-- PROVIDED DATA --
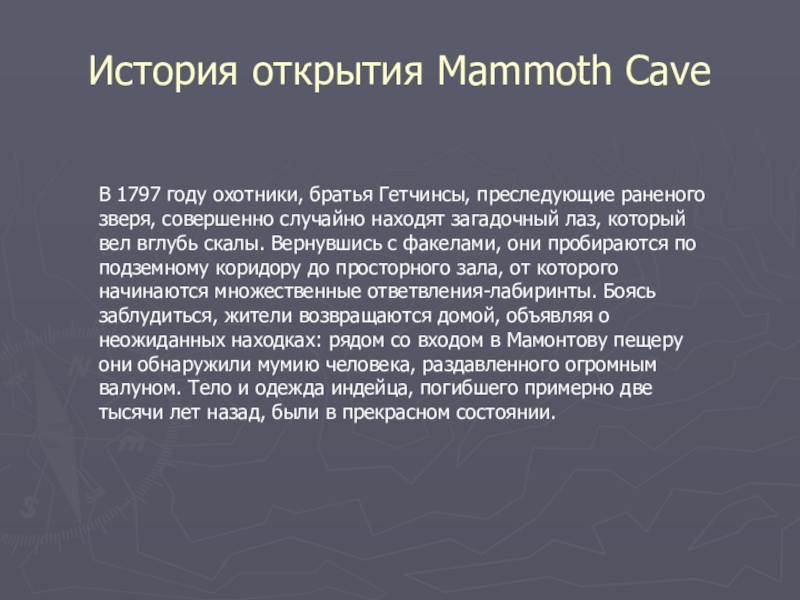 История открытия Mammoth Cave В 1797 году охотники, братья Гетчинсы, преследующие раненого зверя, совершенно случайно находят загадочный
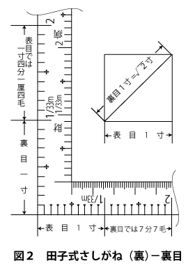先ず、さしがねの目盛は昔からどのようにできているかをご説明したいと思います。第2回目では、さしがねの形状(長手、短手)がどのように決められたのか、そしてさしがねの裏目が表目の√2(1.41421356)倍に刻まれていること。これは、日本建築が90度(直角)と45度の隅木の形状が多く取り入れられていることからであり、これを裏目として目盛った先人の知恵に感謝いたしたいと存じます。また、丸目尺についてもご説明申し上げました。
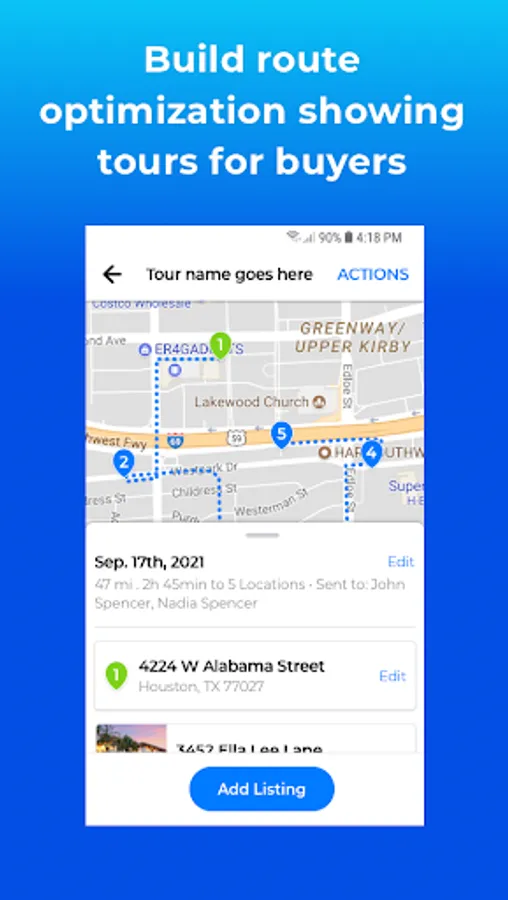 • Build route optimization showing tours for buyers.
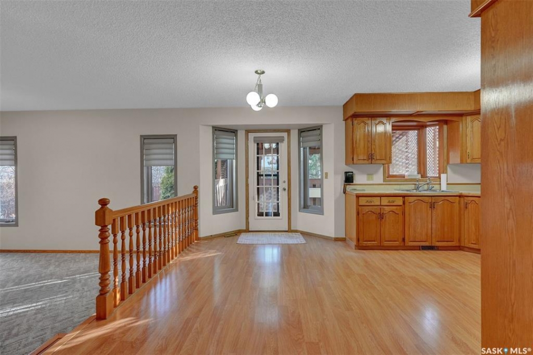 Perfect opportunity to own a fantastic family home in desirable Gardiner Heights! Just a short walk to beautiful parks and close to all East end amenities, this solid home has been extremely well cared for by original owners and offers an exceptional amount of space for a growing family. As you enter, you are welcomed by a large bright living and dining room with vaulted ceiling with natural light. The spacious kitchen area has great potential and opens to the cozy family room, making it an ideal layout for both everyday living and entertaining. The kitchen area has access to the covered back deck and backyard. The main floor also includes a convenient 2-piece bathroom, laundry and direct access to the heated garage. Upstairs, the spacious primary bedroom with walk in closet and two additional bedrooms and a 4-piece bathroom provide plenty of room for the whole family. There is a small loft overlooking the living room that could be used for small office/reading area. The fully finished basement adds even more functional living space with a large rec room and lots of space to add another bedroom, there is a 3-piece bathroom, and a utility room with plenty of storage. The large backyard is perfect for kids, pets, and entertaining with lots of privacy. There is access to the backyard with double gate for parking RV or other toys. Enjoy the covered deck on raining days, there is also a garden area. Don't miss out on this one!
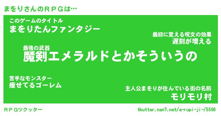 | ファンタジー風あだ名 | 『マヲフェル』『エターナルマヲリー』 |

-- ACTIVITY --
Repeat the listing above exactly, omitting the pictures it contains.

-- EXERCISE RESULT --
 История открытия Mammoth Cave В 1797 году охотники, братья Гетчинсы, преследующие раненого зверя, совершенно случайно находят загадочный
先ず、さしがねの目盛は昔からどのようにできているかをご説明したいと思います。第2回目では、さしがねの形状(長手、短手)がどのように決められたのか、そしてさしがねの裏目が表目の√2(1.41421356)倍に刻まれていること。これは、日本建築が90度(直角)と45度の隅木の形状が多く取り入れられていることからであり、これを裏目として目盛った先人の知恵に感謝いたしたいと存じます。また、丸目尺についてもご説明申し上げました。
 • Build route optimization showing tours for buyers.
 Perfect opportunity to own a fantastic family home in desirable Gardiner Heights! Just a short walk to beautiful parks and close to all East end amenities, this solid home has been extremely well cared for by original owners and offers an exceptional amount of space for a growing family. As you enter, you are welcomed by a large bright living and dining room with vaulted ceiling with natural light. The spacious kitchen area has great potential and opens to the cozy family room, making it an ideal layout for both everyday living and entertaining. The kitchen area has access to the covered back deck and backyard. The main floor also includes a convenient 2-piece bathroom, laundry and direct access to the heated garage. Upstairs, the spacious primary bedroom with walk in closet and two additional bedrooms and a 4-piece bathroom provide plenty of room for the whole family. There is a small loft overlooking the living room that could be used for small office/reading area. The fully finished basement adds even more functional living space with a large rec room and lots of space to add another bedroom, there is a 3-piece bathroom, and a utility room with plenty of storage. The large backyard is perfect for kids, pets, and entertaining with lots of privacy. There is access to the backyard with double gate for parking RV or other toys. Enjoy the covered deck on raining days, there is also a garden area. Don't miss out on this one!
 | ファンタジー風あだ名 | 『マヲフェル』『エターナルマヲリー』 |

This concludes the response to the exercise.